Ivan stirred, remembering the voices of the men in the bar as he lumbered toward the exit: “Heyyy, where are you going so soon?” His arms were out wide and stroking through the dark space in his mind where their forgotten faces once lived. He pushed through to the waking world as Alexa turned onto his street.
“Drop me on the corner and I’ll walk the rest of the way and slip in through the back.”
As Ivan got out of the car, the sound of the bay at the end of his unlit block washed through the dense gray of the early morning. One lingering gull sang out as white fog radiated down his street, from what felt like a softer history: one less jagged than this one.
“See you in like, an hour for school, you busted hooker.” Alexa peeled off and the night absorbed the sound of her tires.
Ivan turned on his phone’s flashlight to illuminate the winding street that led to his parents’ house, just off Main Street. Exhaustion clouded his mind and his footsteps on the wet road sounded like a razor on clean skin. He shook his head at the thought of Alexa’s increasingly cloying grasps to be edgy, and how they so obviously were triggered out of her insecurities after college acceptance letters began distribution, and her mailbox remained empty, or worse: filled with small envelopes. Some people shut down when feeling insecure, but Alexa displayed more of her gooey insides to the world. It made him so nervous to be around.

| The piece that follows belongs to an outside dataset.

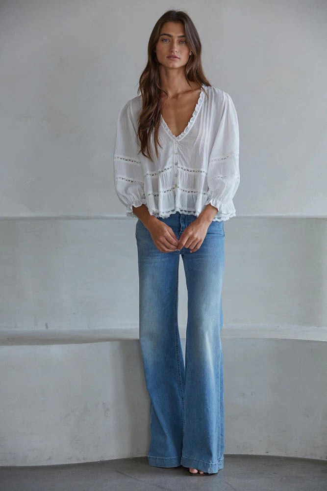 Elevate your wardrobe with the Alyssa Blouse Top—a sophisticated staple that transitions seamlessly from season to season. This beautifully crafted piece features premium woven cotton that breathes with you throughout the day, while the elegant V-neckline and quarter-length sleeves offer flattering proportions whether you layer or go solo. Practical front buttons give you effortless styling control, and delicate lace detailing adds that refined, polished finish you've been searching for. Dress it down with your favorite jeans or dress it up with tailored trousers—this versatile blouse becomes the go-to piece you'll reach for again and again.

He gave a quick leap from the stone steps in the front yard to the cross-planked stoop and slinked inside, careful not to let the screen door clap. The shutter blinds of his bedroom were snapped closed, but he could still hear the late-night sprinklers his father scheduled in the spring, tilting into the air to an unnecessary height outside his window. He pulled his socks off his feet as he sat at the edge of his four-post bed.
The late spring carried an anaphylactic breeze into Massachusetts: the poplars and oaks swayed with generous offerings of pollen like zealous flower girls, covering windshields and storm drains in a thin green film. Outside Ivan’s bedroom window, a row of dense hydrangeas in a gossipy consortium lined the sagging single-car garage. Their surging green branches wavered in the upwind and triggered the motion-sensor light over the garage, illuminating the gravel driveway and sending a timed shadow puppet production onto the painted wallpaper of Ivan’s bedroom.
Ivan held the spots on his sides where the men touched his shirt and purposefully pinched at him and relived the guilty satisfaction of being wanted. He fell asleep with his arms wrapped around his sides like that, sort of hugging himself.